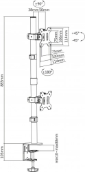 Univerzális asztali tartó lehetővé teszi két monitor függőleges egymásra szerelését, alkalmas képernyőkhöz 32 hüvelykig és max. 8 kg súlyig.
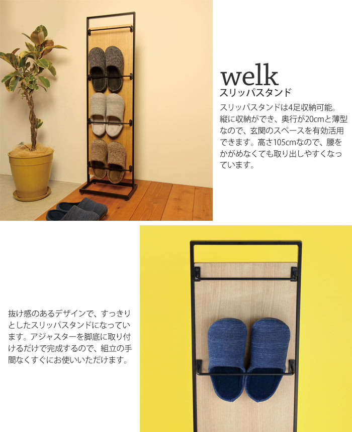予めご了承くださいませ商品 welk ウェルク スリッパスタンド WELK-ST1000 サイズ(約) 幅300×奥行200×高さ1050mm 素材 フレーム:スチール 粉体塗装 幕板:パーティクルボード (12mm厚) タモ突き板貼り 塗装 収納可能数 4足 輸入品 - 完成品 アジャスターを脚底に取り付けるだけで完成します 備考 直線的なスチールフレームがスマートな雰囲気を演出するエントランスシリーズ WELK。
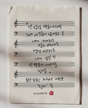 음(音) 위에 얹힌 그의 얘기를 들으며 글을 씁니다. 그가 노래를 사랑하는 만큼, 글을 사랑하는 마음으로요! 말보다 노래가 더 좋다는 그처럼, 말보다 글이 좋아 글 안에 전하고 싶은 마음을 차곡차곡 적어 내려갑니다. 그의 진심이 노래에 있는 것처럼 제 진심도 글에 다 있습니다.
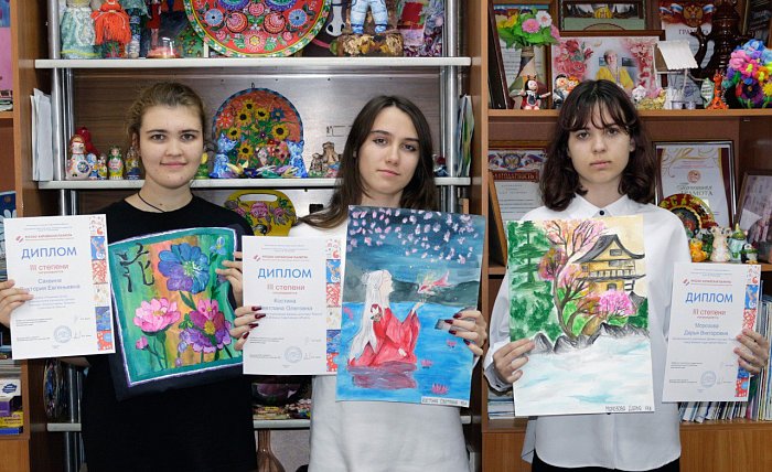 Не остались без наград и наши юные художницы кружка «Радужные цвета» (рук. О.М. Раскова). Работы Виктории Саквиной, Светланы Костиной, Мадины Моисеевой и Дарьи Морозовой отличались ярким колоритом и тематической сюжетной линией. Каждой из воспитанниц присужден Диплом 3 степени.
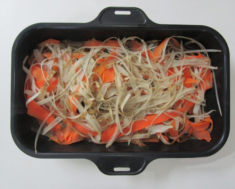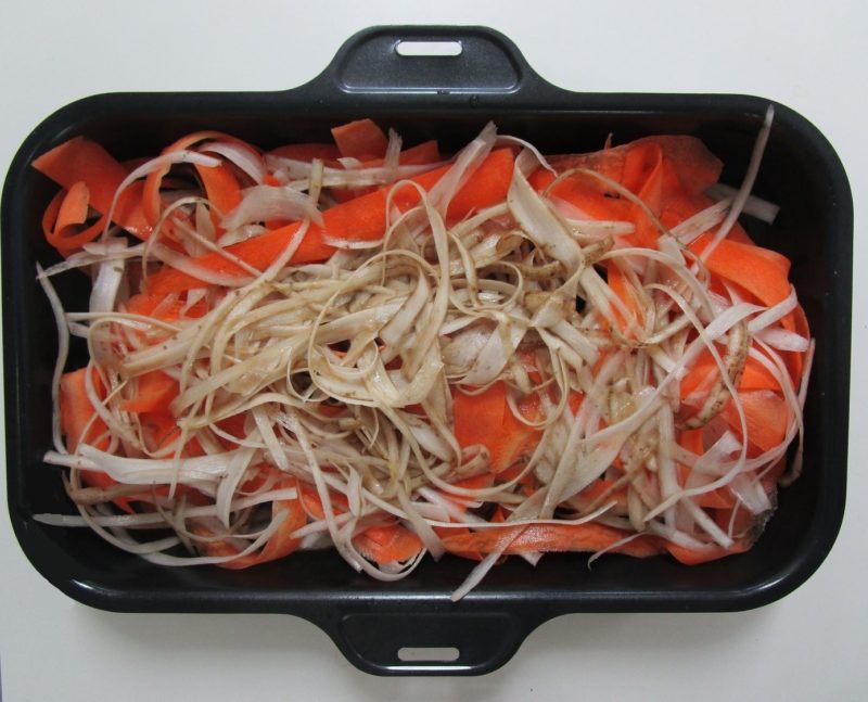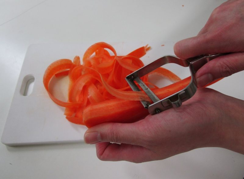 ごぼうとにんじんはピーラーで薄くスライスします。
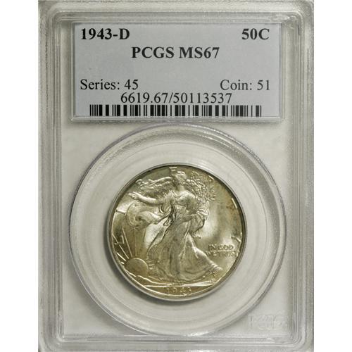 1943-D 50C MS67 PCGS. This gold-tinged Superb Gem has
....................
- **What to do**: With pictures omitted, reproduce exactly the lines from the line containing "Не остались без" through the end of the data above.

- **Expected answer**:
 Не остались без наград и наши юные художницы кружка «Радужные цвета» (рук. О.М. Раскова). Работы Виктории Саквиной, Светланы Костиной, Мадины Моисеевой и Дарьи Морозовой отличались ярким колоритом и тематической сюжетной линией. Каждой из воспитанниц присужден Диплом 3 степени.
 ごぼうとにんじんはピーラーで薄くスライスします。
 1943-D 50C MS67 PCGS. This gold-tinged Superb Gem has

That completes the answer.